The history question that could prevent this confusion — "Has this dog received any medications, topical treatments, or products recently?" — is standard in emergency triage but must be interpreted through a lens that includes household chemical exposures, products applied to other animals in the household, and access to agricultural areas. The clinical signs guide for ivermectin toxicity provides the pattern recognition information needed to make this diagnosis promptly.

Systemic Solutions Beyond Individual Practitioners

Individual practitioner education matters but is not sufficient. The errors described here are not primarily errors of knowledge — they are errors of system design. Prescribing software that does not alert to breed-specific drug interactions, records systems that do not propagate critical safety flags across facilities, and intake protocols that default to macrocyclic lactones without breed-based risk stratification all create structural conditions for harm.

Veterinary schools have incorporated MDR1 into pharmacology and clinical medicine curricula more thoroughly in recent years, but the practitioner who graduated before that curriculum update may have significant knowledge gaps. Continuing education credits in pharmacogenomics and breed-specific drug sensitivity are increasingly available and should be actively sought by practitioners whose patient populations include herding breeds.

Owners are ultimately the most reliable safety layer. An owner who knows their dog's MDR1 status, communicates it clearly, and advocates persistently at every clinical encounter provides a protection that no system design or educational program can fully replace. The complete MDR1 drug list gives owners the specific information they need to be effective advocates for their dogs at every veterinary encounter.

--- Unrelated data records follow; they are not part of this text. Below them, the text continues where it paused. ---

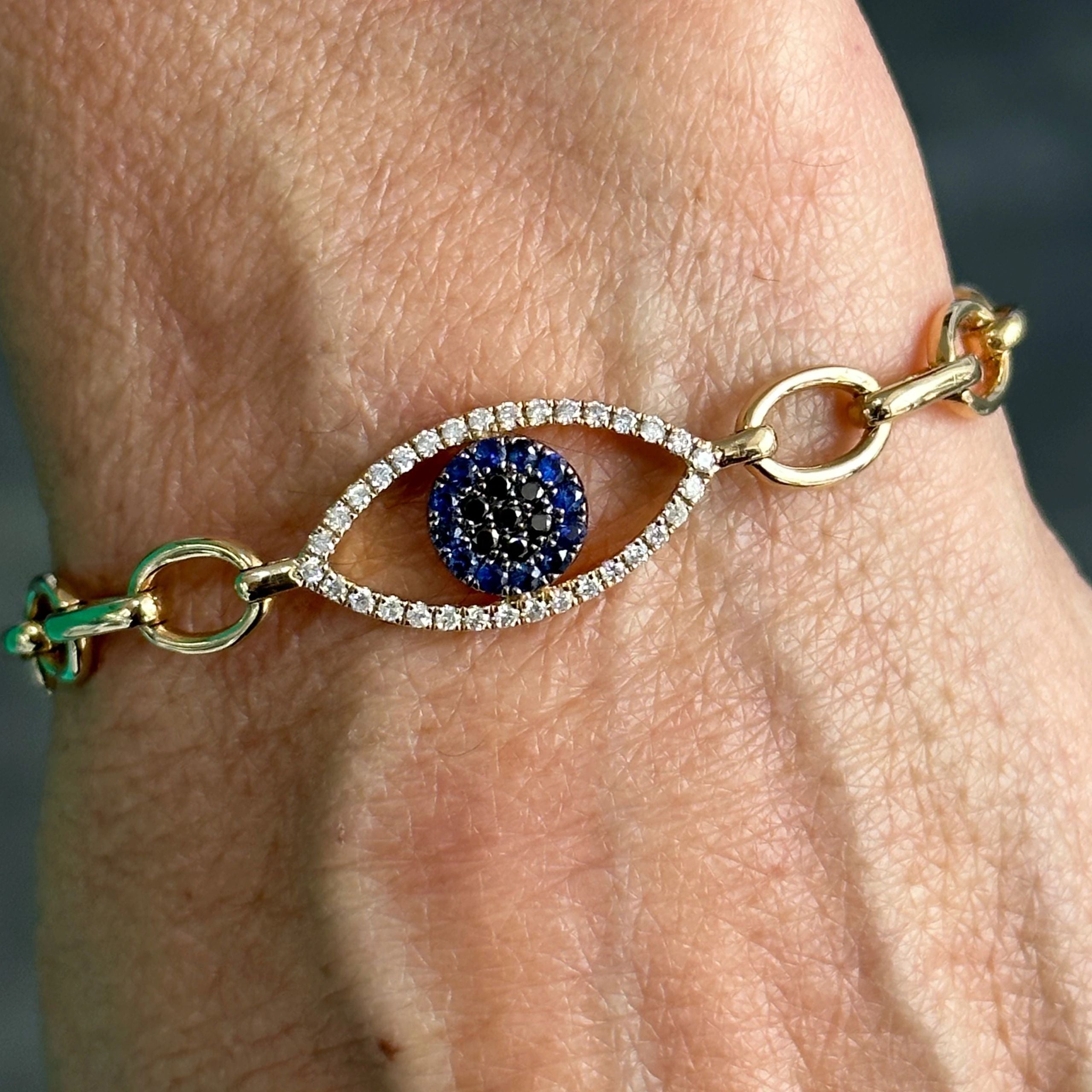 Step up your accessory game with the LIV "Sophia" Evil Eye Bracelet! This chic and stylish bracelet is crafted from 14kt yellow gold and features stunning natural diamonds and blue sapphires for a touch of sparkle. At 7" in length, this bracelet is the perfect size to add to your wrist stack or wear on its own for a subtle but eye-catching statement. Protect yourself from negative energy and look fabulous while doing it with the LIV "Sophia" Evil Eye Bracelet!
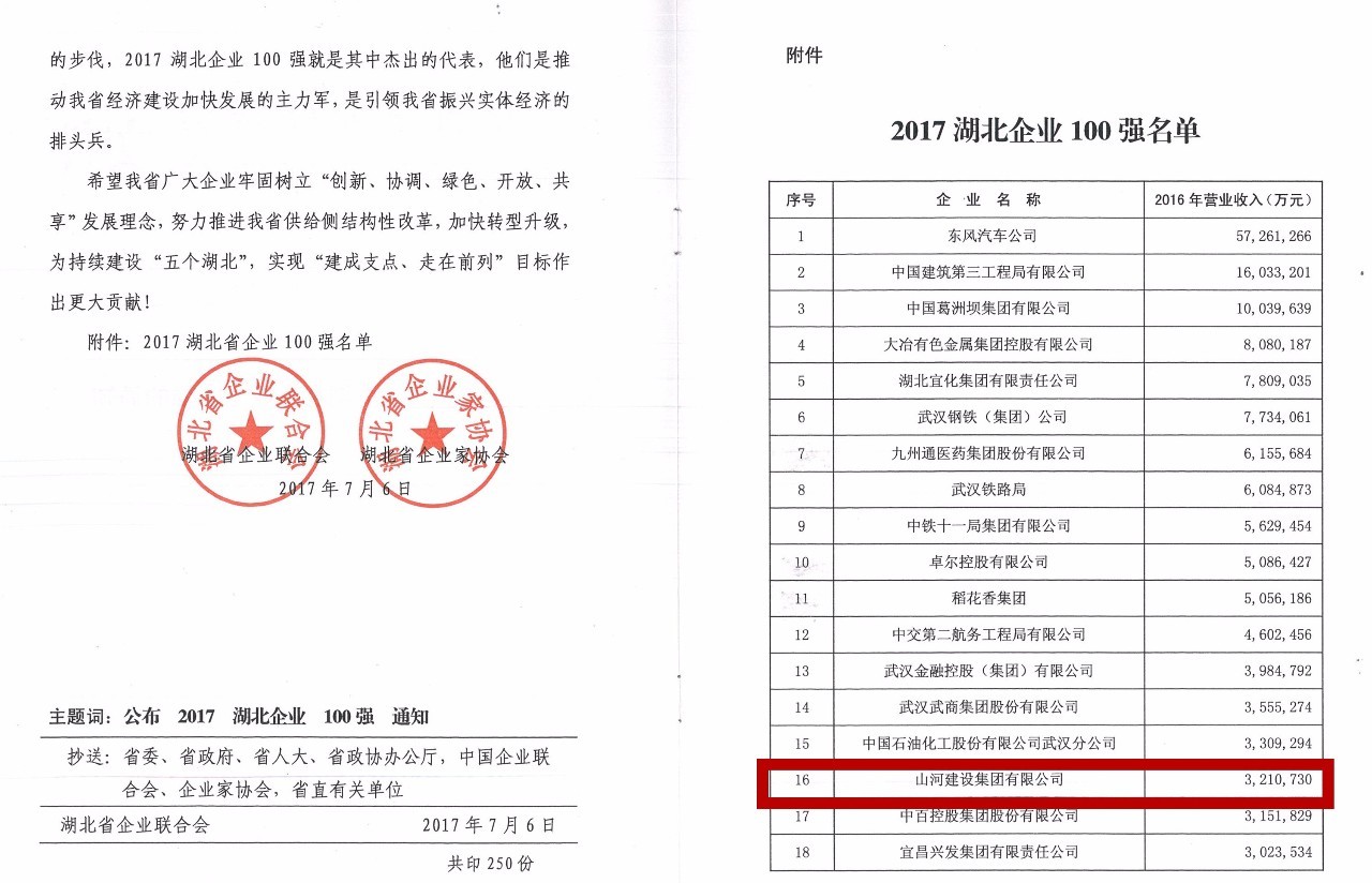 “荆楚风云汇,百强战鼓擂”。7月6日,湖北省企业联合会、湖北省企业家协会发布“2017湖北企业100强”榜单。山河集团2016年度以营业收入321.073亿元的实绩名列2017湖北企业100强第16位,较去年第17位又上升了1位。
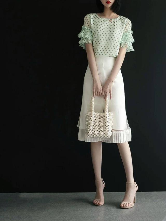 除了荷叶边和流苏,圆点也是非常适合熟龄女性的元素。浅绿色的雪纺衬衣搭配修身高腰裙,上衣中排列整齐的圆点,丰富了过于单调的穿搭配比,而波尔多圆点的优势在于,不仅图案精致,还能在视觉中营造圆润感,适合身材娇小的女生选择,清新又时尚,富有女人味。搭配屋。
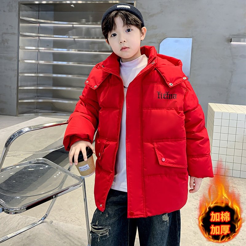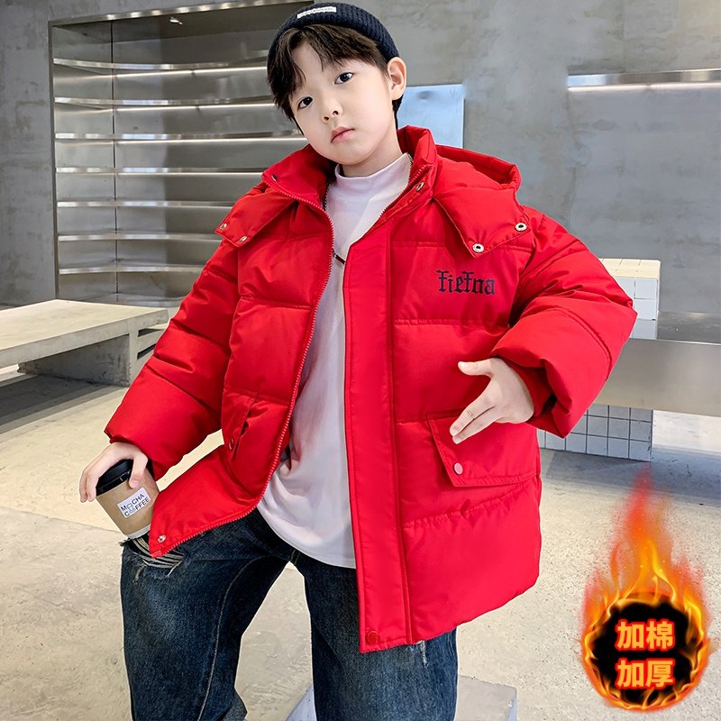 男童冬装羽绒棉服2025新款中大童冬季棉袄儿童本命年红色棉衣外套
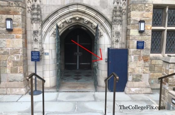 Two years later, the stone carving remains covered up at the entrance to Sterling Memorial Library, and an on-campus request this week by a College Fix reporter to view it was denied.
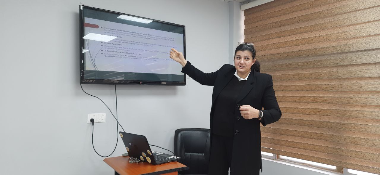The training covered several key topics, including an overview of the ELISA technique, its applications, working principles, procedural steps, advantages and limitations, as well as its different types. There are four main types of ELISA: Direct ELISA, Indirect ELISA, Sandwich ELISA, and Competitive ELISA. These variations provide flexibility, allowing adjustments based on available antibodies, desired results, or sample complexity.
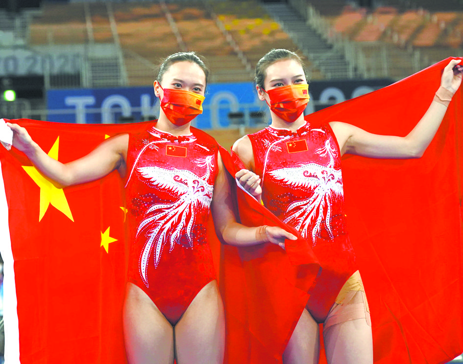 图① 在蹦床项目女子决赛中,朱雪莹(左)夺冠,刘灵玲获得亚军。新华社记者 程 敏摄
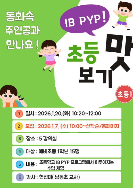 | ▲ ‘초등 IB PYP 프로그램맛보기 수업’수강생 모집 |
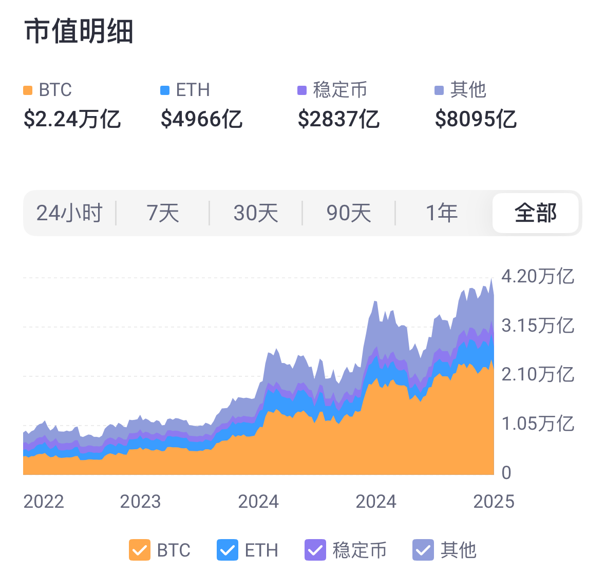 将市场市值拆解为 BTC、ETH、稳定币、其他 四大类,帮助你清楚了解不同币种的分布情况。
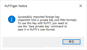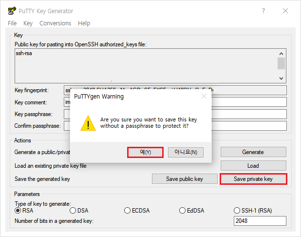 Save private key를 클릭한 후 경고창이 뜨면 예를 클릭하여 .ppk 확장자로 개인키 파일을 저장합니다.
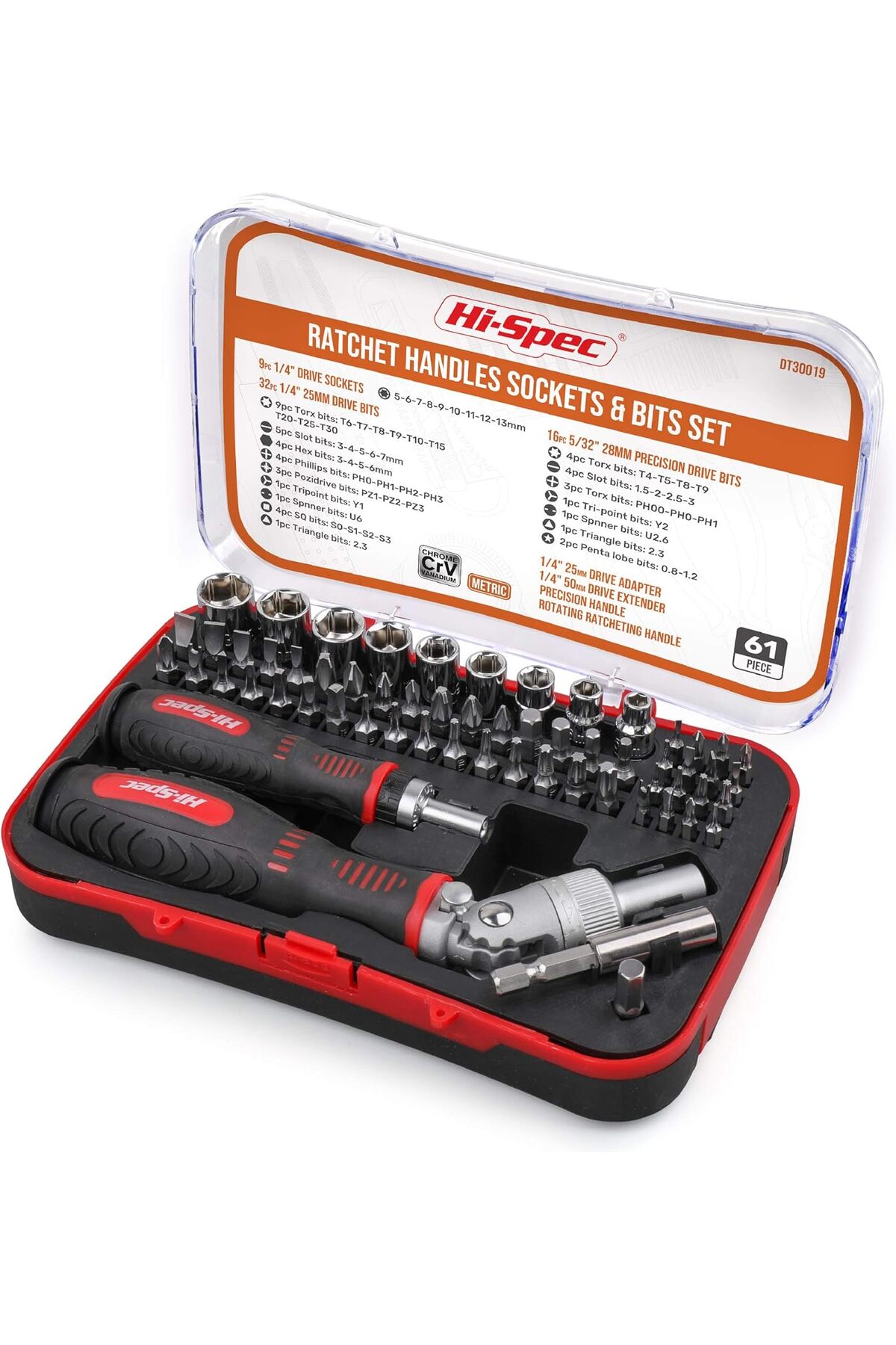 ميزات مجموعة مفكات براغي دقيقة من 61 قطعة بمقبض سقاطة بزاوية قائمة وعلبة مفكات توركس دقيقة من Hi-Spec
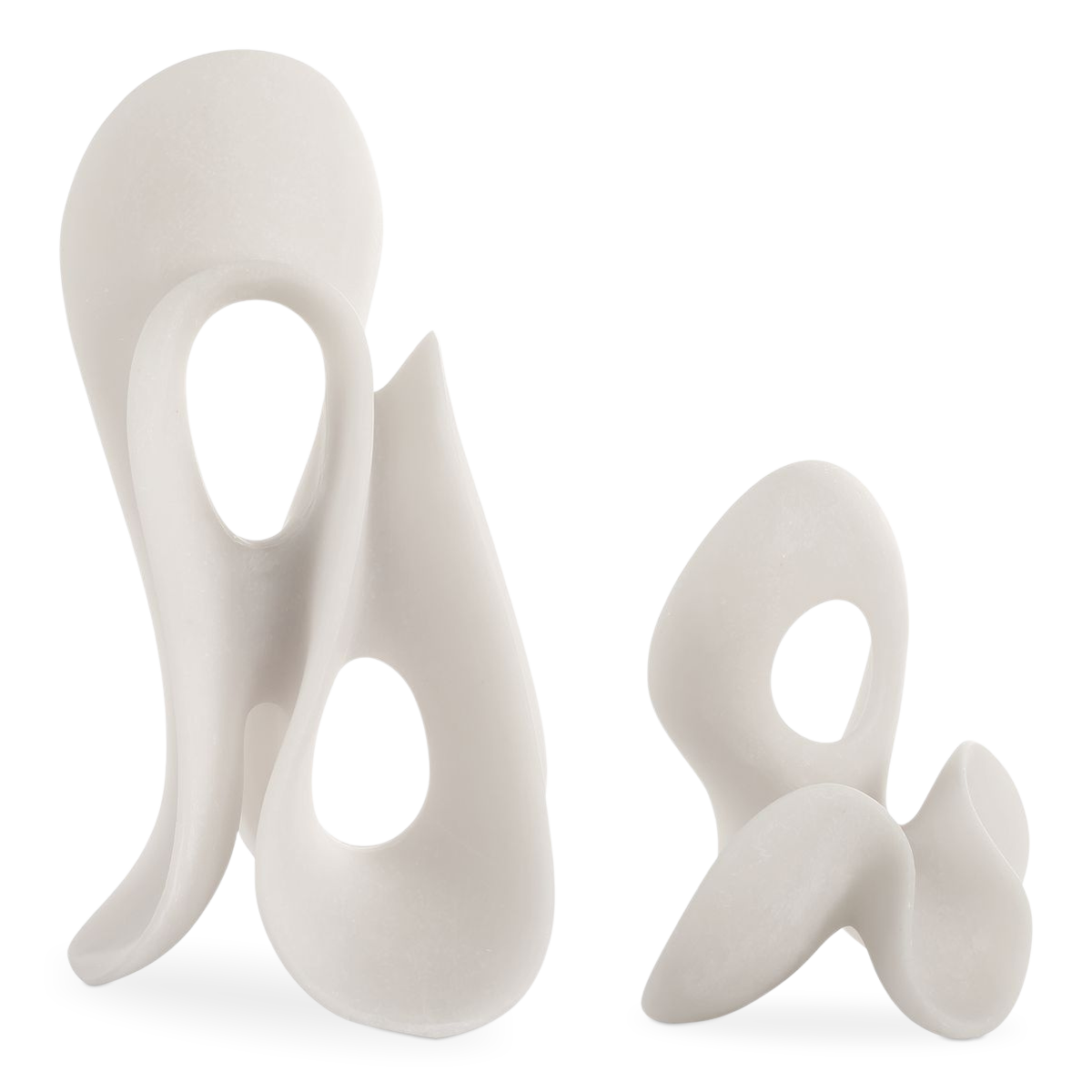 يضم هذا الطقم قطعتين من المنحوتات العصرية المصممة بأسلوب انسيابي يجمع بين الخطوط الناعمة والانحناءات الأنيقة مع فراغات مجوّفة تمنح كل قطعة عمقًا بصريًا مميزًا. صُنعت من حجر صناعي بلون أبيض مطفأ يحاكي بدقة مظهر رخام ثاسوس الفاخر، لتضيف لمسة راقية وعصرية إلى أي مساحة. مناسبة للاستخدام الداخلي والخارجي.
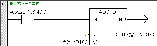 指針VD100加2存入VD104,則VD104指向VB2的起始地址。
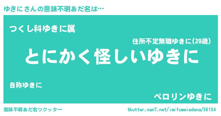 | 欧米人風あだ名 | 『アンジェラ・ゆきに』『ウサインゆきに』 |
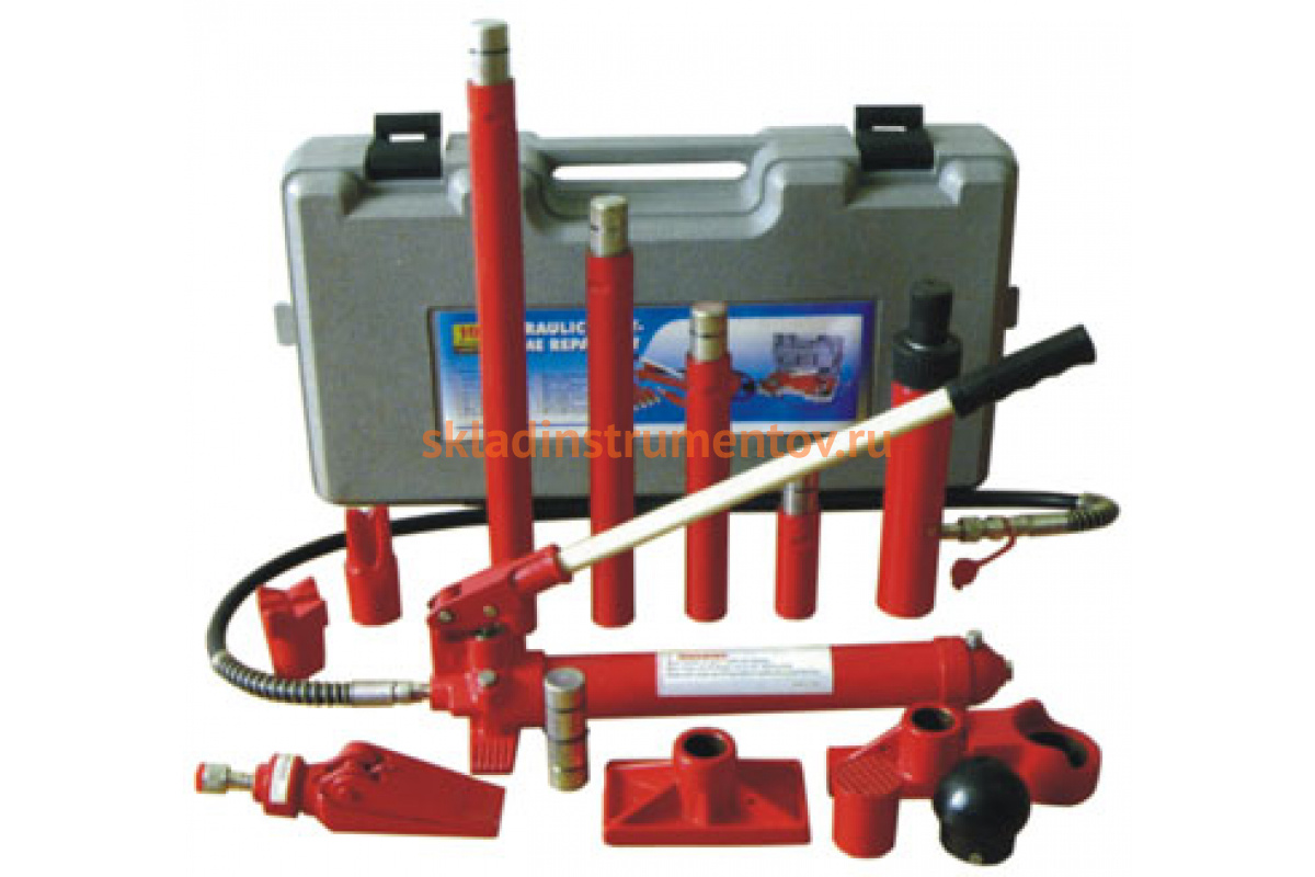 Гидравлический набор для правки кузова AIST 4т 67900915GM 00-00010574 включает в себя большое количество удлинителей и насадок, что упрощает выправку деформированного кузова.
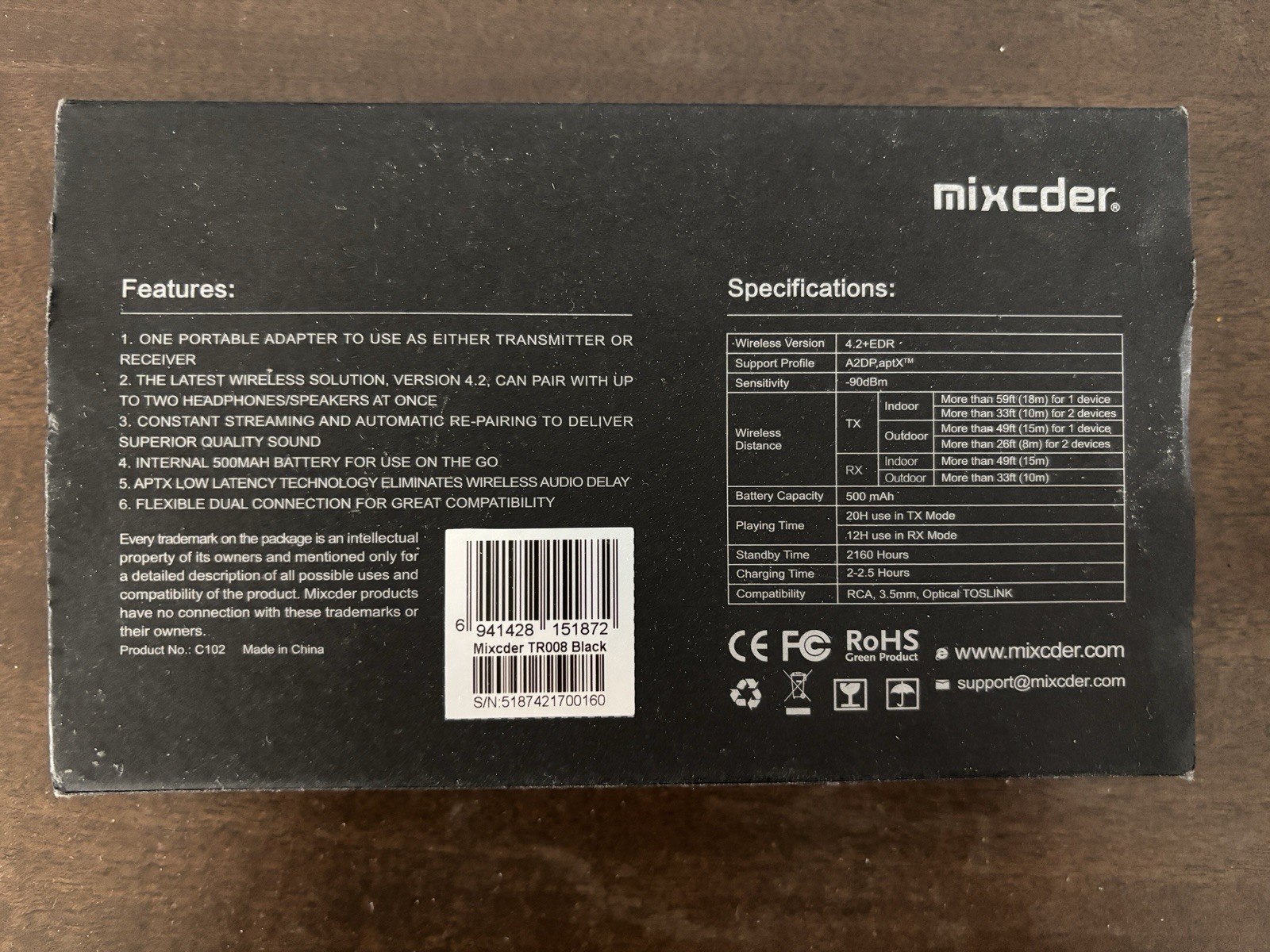 Mixcdr TR008 Bluetooth 4.2 Transmitter Receiver 2-in-1 aptX Low Latency Open box

For Veterinary Practitioners: If you are reading this article, use it. Review your clinic's prescribing protocols for herding breeds. Add MDR1-related breed flags to your practice management system. Make MDR1 testing a standard recommendation in wellness visits for all herding breeds and herding breed mixes. The incremental effort required is minimal. The harm prevented can be measured in lives.

Moving Forward

The honest accounting I have offered here is uncomfortable precisely because the errors are preventable. We have the genetic tests. We have the knowledge. We have the alternative therapeutic options. What we lack is consistent application of these tools across every clinical encounter where they are relevant. Closing that gap is the ongoing work of veterinary medicine, and it begins with the willingness to examine our error patterns honestly rather than treating each case as an unfortunate anomaly.

My colleagues who have harmed MDR1-sensitive dogs through the patterns described here are not bad veterinarians. They are veterinarians working in a system that does not adequately support the consistent application of specialized knowledge. Changing that system — through better tools, better education, and better owner advocacy — is how we stop these preventable tragedies.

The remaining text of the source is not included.